The Queen was the Patron of over 500 organisations in her lifetime, from charities and military associations to professional bodies and public service organisations. The Queen personally carried out several hundred official engagements per year. Despite the decline in her health, she was dutiful until the end, inviting Britain's new Prime Minister, Liz Truss, to form government just two days before she passed away.

The Queen described her Christian faith as 'an anchor and an inspiration’. Despite holding immense status and influence, her belief that she was accountable to someone greater than herself kept her grounded, and motivated her selfless approach to duty and service.

The Queen has never taken her role as Queen of Australia for granted. She publicly supported the monarchy's future as being a matter to be decided by the Australian people. Her critics who slam her as a symbol of 'colonisation and oppression' ignore that Australia decolonised and established itself as an independent sovereign nation under the Commonwealth with Federation in 1901.

Through her actions, rather than platitudes, the Queen considered everyone equal regardless of whether they were First Nations, immigrants or the descendants of convicts and settlers. Over her reign, she developed an affinity with members of the indigenous community and showed a keen interest in their welfare and advancement.

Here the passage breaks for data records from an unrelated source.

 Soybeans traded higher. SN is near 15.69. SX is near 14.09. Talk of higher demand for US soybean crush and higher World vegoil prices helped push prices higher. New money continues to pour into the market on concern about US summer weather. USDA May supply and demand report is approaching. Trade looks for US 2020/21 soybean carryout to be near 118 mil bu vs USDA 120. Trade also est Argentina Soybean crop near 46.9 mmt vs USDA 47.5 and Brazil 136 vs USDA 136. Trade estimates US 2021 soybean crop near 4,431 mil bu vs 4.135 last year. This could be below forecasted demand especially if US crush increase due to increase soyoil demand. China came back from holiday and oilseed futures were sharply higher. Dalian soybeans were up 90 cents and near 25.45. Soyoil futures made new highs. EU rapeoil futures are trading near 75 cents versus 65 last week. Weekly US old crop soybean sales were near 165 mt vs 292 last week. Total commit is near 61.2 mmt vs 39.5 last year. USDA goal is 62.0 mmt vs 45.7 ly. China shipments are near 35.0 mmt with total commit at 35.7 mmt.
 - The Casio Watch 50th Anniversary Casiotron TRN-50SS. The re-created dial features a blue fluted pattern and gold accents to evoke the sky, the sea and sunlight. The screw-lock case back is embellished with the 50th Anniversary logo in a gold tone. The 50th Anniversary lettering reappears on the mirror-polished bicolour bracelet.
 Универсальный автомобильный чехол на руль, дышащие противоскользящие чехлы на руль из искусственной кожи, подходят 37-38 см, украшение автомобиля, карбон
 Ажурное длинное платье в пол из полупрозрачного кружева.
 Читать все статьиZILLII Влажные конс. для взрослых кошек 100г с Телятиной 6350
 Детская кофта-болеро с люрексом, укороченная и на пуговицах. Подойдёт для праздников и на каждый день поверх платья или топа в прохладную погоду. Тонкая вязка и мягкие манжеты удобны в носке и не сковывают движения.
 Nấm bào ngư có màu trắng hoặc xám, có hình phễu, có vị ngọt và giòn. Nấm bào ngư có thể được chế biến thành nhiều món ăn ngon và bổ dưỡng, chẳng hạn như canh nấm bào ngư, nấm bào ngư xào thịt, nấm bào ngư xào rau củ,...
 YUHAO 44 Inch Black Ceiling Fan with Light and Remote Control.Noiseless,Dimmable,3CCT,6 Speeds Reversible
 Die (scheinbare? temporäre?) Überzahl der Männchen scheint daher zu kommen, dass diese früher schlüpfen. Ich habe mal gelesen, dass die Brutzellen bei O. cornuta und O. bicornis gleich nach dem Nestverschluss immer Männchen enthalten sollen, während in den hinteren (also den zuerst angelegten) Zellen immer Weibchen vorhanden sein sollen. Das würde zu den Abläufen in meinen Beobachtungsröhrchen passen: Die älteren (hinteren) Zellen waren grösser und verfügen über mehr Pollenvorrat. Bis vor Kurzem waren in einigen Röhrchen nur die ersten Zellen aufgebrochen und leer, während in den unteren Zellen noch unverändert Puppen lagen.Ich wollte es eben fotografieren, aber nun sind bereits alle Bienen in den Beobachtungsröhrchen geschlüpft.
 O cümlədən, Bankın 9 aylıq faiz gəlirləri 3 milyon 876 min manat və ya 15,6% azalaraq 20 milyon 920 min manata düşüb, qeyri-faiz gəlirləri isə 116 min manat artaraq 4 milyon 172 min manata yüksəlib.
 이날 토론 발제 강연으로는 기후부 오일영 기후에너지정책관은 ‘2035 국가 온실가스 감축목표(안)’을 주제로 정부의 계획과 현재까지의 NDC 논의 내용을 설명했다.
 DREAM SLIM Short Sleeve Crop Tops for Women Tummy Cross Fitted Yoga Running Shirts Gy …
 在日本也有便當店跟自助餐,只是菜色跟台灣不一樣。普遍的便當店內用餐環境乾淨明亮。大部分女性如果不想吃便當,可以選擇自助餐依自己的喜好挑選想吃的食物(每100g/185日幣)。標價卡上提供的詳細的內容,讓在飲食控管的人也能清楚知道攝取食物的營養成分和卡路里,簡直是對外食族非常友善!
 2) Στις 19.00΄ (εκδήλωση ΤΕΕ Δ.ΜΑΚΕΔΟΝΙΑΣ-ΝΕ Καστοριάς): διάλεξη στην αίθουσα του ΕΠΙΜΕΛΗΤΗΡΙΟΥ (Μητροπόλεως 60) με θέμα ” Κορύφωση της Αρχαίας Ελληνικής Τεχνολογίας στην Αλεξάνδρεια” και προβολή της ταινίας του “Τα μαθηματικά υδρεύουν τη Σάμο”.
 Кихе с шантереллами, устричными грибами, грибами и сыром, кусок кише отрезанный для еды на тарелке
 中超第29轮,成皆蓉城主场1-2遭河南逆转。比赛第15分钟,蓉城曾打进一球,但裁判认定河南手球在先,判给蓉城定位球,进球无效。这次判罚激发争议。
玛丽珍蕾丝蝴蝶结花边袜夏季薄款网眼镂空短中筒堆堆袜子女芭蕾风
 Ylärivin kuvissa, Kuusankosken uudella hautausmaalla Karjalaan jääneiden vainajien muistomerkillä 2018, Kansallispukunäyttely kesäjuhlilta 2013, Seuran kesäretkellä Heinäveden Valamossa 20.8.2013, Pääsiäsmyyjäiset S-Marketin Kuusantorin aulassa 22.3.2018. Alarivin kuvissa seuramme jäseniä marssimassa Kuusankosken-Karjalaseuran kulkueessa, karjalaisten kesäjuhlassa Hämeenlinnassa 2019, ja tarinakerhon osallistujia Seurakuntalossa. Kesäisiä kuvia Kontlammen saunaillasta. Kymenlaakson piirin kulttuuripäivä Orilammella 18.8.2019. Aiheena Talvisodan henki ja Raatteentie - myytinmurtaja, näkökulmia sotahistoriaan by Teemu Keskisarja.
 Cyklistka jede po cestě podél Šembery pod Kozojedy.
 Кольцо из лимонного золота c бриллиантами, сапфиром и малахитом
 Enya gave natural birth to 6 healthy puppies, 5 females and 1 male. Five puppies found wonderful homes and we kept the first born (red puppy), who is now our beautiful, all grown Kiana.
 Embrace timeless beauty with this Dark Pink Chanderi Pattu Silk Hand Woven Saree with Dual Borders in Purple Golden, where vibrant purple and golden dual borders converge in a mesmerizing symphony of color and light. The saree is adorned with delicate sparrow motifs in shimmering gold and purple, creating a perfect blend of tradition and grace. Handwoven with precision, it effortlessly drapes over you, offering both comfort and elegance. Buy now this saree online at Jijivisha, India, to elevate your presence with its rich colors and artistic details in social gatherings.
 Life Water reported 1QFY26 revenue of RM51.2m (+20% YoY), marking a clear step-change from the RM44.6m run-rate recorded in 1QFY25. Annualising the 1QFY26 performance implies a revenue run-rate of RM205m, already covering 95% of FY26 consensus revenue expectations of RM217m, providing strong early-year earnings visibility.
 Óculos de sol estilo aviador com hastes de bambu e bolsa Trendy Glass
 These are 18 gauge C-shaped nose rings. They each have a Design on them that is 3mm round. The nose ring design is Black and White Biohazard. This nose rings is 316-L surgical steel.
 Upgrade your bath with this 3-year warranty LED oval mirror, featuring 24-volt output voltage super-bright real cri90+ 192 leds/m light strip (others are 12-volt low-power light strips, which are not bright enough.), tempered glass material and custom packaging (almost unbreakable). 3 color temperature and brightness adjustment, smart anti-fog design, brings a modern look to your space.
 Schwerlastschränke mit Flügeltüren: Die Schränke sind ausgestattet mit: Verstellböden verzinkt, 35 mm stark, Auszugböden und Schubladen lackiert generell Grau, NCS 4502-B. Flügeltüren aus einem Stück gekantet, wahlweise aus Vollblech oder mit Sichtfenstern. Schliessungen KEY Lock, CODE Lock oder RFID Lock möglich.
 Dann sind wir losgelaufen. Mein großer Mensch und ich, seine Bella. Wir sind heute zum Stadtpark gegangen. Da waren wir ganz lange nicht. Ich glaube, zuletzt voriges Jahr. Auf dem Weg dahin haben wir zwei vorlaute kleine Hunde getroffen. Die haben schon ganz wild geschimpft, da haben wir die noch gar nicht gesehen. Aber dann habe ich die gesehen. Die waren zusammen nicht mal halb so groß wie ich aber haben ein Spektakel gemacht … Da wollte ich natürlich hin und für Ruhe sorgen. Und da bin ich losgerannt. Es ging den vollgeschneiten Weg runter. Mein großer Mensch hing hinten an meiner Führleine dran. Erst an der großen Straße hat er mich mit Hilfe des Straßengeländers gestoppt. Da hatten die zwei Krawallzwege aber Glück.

She engaged with Indigenous Elders both here and in Buckingham Palace, and in her speech at the Sydney Opera House during her visit in 2000, acknowledging that many Indigenous Australians "face a legacy of economic and social disadvantage". She called on all Australians to work together to ensure the country's prosperity reached all members of the community.

As our nation fractures under the weight of identity politics, her benevolent altruistic spirit will be greatly missed.

The loss of Her Majesty Queen Elizabeth II not only marks the end of an era in our national story, but we have also lost a leader who has shown true devotion and loyalty incomparable to her elected political counterparts.

Stephanie Bastiaan is a Research Fellow with Women's Forum Australia.